RFM was initially utilized by marketers in the B-2-C space – specifically in industries like cataloging, insurance, retail banking, telecommunications and others. There are a number of scoring approaches that can be used with RFM. We’ll take a look at three:

RFM – Basic ranking

RFM – Within parent cell ranking

RFM – Weighted cell ranking

Each approach has experienced proponents that argue one over the other. The point is to start somewhere and experiment to find the one that works best for your company and your customer base. Let’s look at a few examples.

RFM – Basic Ranking

This approach involves scoring customers based on each RFM factor separately. It begins with sorting your customers based on recency, i.e., the number of days or months since their last purchase. Once sorted in ascending order (most recent purchasers at the top), the customers are then split into quintiles, or five equal groups. The customers in the top quintile represent the 20% of your customers that most recently purchased from you.


This process is then undertaken for frequency and monetary as well. Each customer is in one of the five cells for R, F and M (see below).


Experience tells us that the best prospects for an upcoming campaign are those customers that are in quintile 5 for each factor – those customers that have purchased most recently, most frequently and have spent the most money. In fact, a common approach to creating an aggregated score is to concatenate the individual RFM scores together resulting in 125 cells (5x5x5).

A customer’s score can range from 555 (the highest) to 111 (the lowest).

RFM – Within Parent Cell Ranking

This approach is advocated by Arthur Middleton Hughes1 – one of the biggest proponents of RFM analysis. It begins like the one above, i.e., all customers are initially grouped into 5 cells based on recency. The next step takes customers in a given recency cell – say cell number 5, and then ranks those customers based on frequency. Then customers in the 55 (RF) cell are ranked by monetary value. The illustration below shows that this method really requires quite a number of sorts on the database.


RFM – Weighted Ranking

Weightings used by RFM practitioners vary. For example, some advocate adding the RFM score together – thus giving equal weight to each factor. Consequently, scores can range from 15 (5+5+5) to 3 (1+1+1). Another weighting arrangement often used is, 3xR + 2xF + 1xM. In this case, scores can range from 30 to 3.

So which to use? In reality, there are many other permutations of approaches that are being used today. Best-practice marketing analytics requires a fine mix of mathematical and statistical science, creativity and experimentation. Bottom line: test multiple scoring methods to see which works best for your unique customer base. The graphical analysis below is a great first step in determining a weighting scheme that is appropriate for your company.

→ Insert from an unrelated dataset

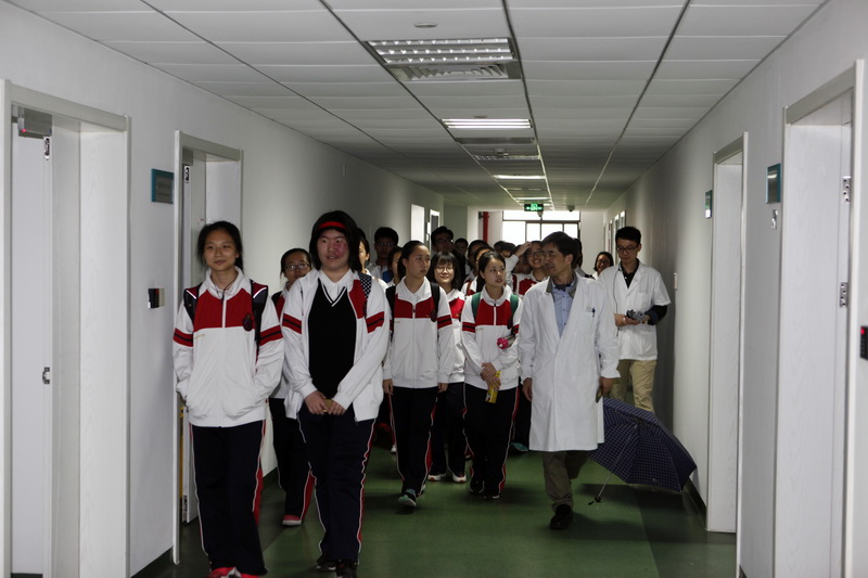 下午一点半,同学们来到了闵行院区,一下车就被院区的如画风景所吸引,纷纷拿起手中的相机,驻足留影。随着讲解员的脚步,同学们来到了康复中心,看到墙上病人的书法和绘画作品,表示由衷赞叹,也对患者的多种康复方法竖起大拇指。随后一行人来到上海市重型精神病重点实验室。实验室里的工作人员都在忙碌地进行研究,同学们目不转睛看着工作人员做动物实验,高、精、尖的实验设备也让同学们开了眼界。最后,南洋模范中学的师生和中心的志愿者讲解员在重点实验室大楼门前合影,为本次活动划上完美句号。
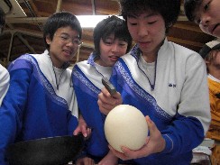 この間実習に来た中学生たちが作ったダチョウ卵を使ったプリン。今回はレンジを使って火を入れたのですが、しっかり火を入れた子は結構ちゃんと固まって美味しいプリンが出来ましたが、せっかちで早くレンジから出した子数人はプリンが固まらず、いつまで経っても液状でした^^;こういうのは性格出ますね(^_^)みんなにはいい経験になりました☆

So far we have assumed R is more important than F, which is more important than M. This is a great start, but in reality some businesses find that a different order works best given the unique nature of their business and customer base. The graphs below represent an analysis to a recent campaign for a hypothetical company. When looking at actual response across each RFM factor, the graphs suggest that this company may be better off developing a scoring scheme based on some weighting of MRF, attributing the highest weight to monetary since it is associated with the highest response rate.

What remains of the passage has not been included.